*** Opening GIVEN RECORDS ***

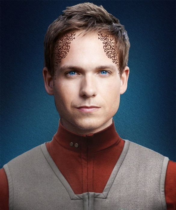 | Physical Description | Aren is about average height for a Trill male, with fair skin. He is lean but well toned. He has boyish good looks which lend to him appearing younger than he really is. He has the tell-tail Trill markings visible from the forehead and down the side of the neck that travel down to his feet. |
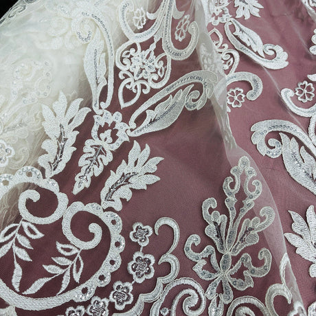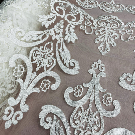 1 Yard Elegant Corded Embroidered Bridal Lace Fabric for Couture Gowns White
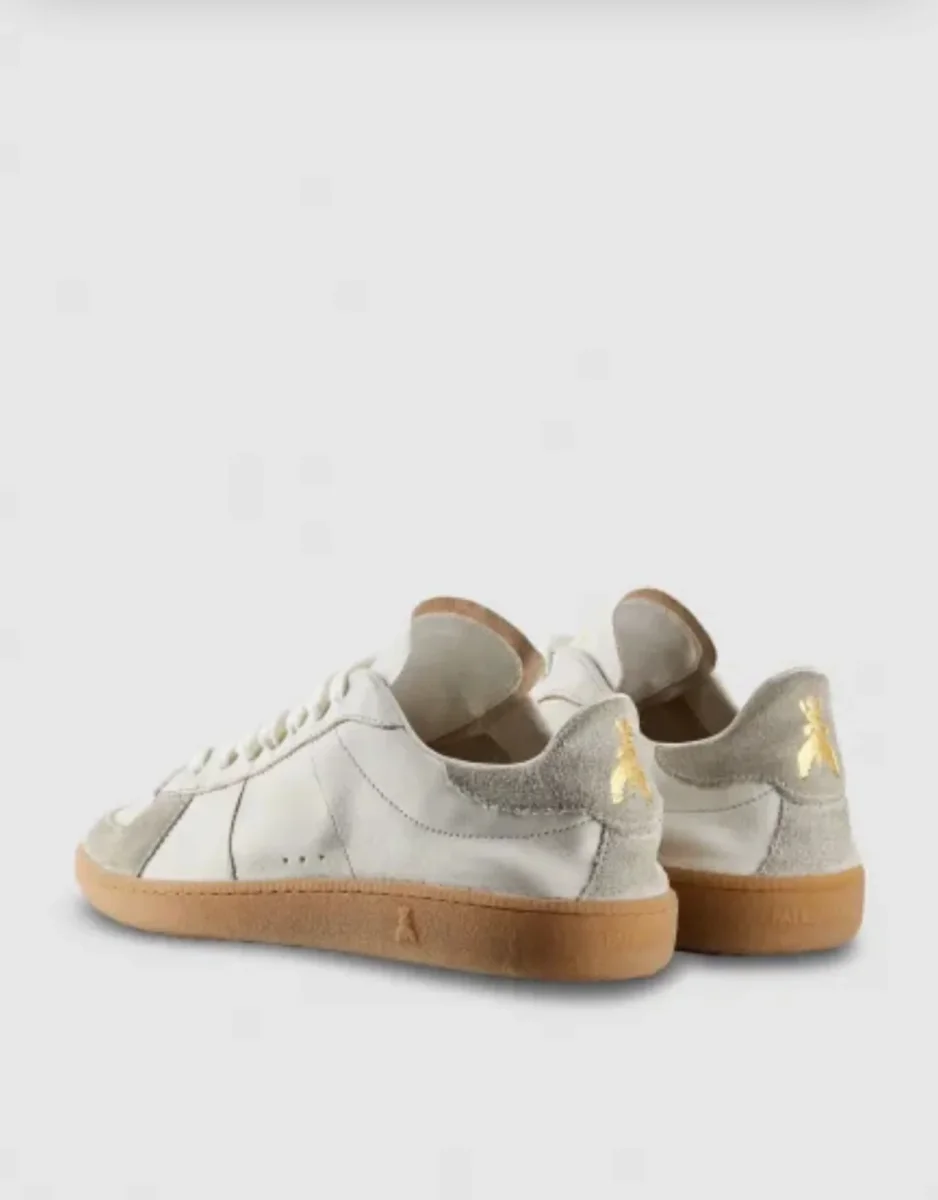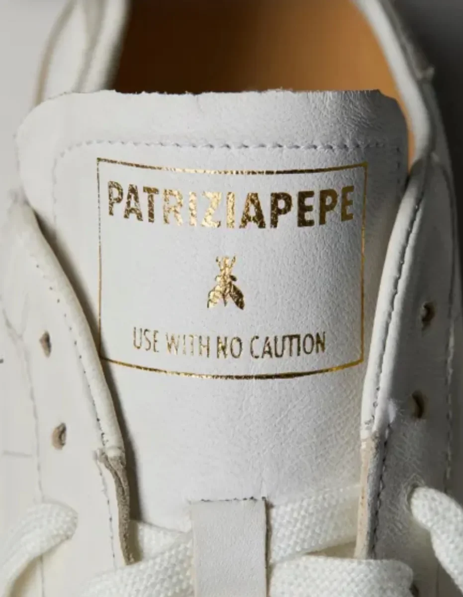- Logo stampato color oro sull’etichetta in pelle cucita sulla linguetta; Logo Fly dietro impresso color oro; Suola beige con scritta “Patrizia Pepe Skin” e logo Fly bianco
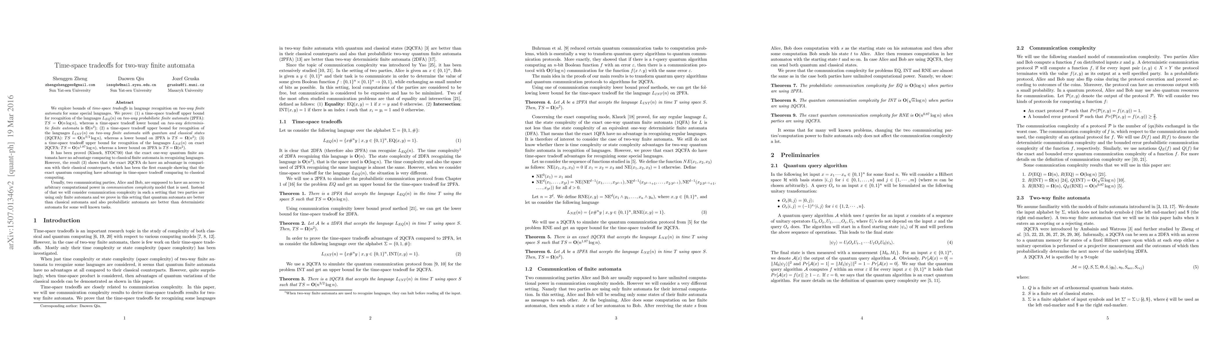 This paper investigates time-space tradeoffs for recognizing specific languages using two-way finite automata, demonstrating that quantum automata outperform classical ones in certain scenarios. It establishes upper and lower bounds for probabilistic, deterministic, and quantum two-way finite automata, showing advantages for quantum and probabilistic models over classical ones.
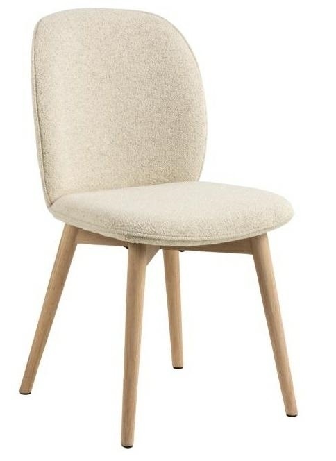 Krzesło Cindy to sposób na elegancką jadlanie lub salon. Zaokrąglone oparcie zapewni wsparcie podczas wystawnej kolacji lub śniadania. Krzesło tapicerowane jest miękką tkaniną typu bouclé o kręconej strukturze, która nadaje mu nowoczesnego charakteru. Aby nadać mu lekki, skandynawski wygląd, wsparto go na drewnianych nogach olejowanych oraz bielonych. Nogi krzesła zostały wykonane z bardzo trwałego drewna kauczukowego. Wygodne krzesło do jadalni w nowoczesnym, skandynawskim stylu . Tapicerowane beżową tkaniną typu bouclé . Ozdobione lamówką. Nogi z kauczuku olejowane i bielone . Certyfikat FSC. Zaprojektowany przez Christinę Aagaard. Wysokość oparcia: 43cm Szerokość siedziska: 49cm Głębokość siedziska: 44,5cm Max. obciążenie 110kg Wymaga montażu. Waga krzesła: 7,6kg Wymiary kartonu: 68x38x55cm Max. 2szt w kartonie
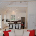 The interior space is designed with a cathedral ceiling and finished wood beams, while the walls are finished with tongue and groove wood paneling. The tile floor has radiant heat embedded in the concrete slab.

*** Closing GIVEN RECORDS ***

WORK INSTRUCTION: Set down the records above word for word, from the first line through the line containing "This paper investigates", both included; leave out the pictures.

TASK OUTPUT:
 | Physical Description | Aren is about average height for a Trill male, with fair skin. He is lean but well toned. He has boyish good looks which lend to him appearing younger than he really is. He has the tell-tail Trill markings visible from the forehead and down the side of the neck that travel down to his feet. |
 1 Yard Elegant Corded Embroidered Bridal Lace Fabric for Couture Gowns White
- Logo stampato color oro sull’etichetta in pelle cucita sulla linguetta; Logo Fly dietro impresso color oro; Suola beige con scritta “Patrizia Pepe Skin” e logo Fly bianco
 This paper investigates time-space tradeoffs for recognizing specific languages using two-way finite automata, demonstrating that quantum automata outperform classical ones in certain scenarios. It establishes upper and lower bounds for probabilistic, deterministic, and quantum two-way finite automata, showing advantages for quantum and probabilistic models over classical ones.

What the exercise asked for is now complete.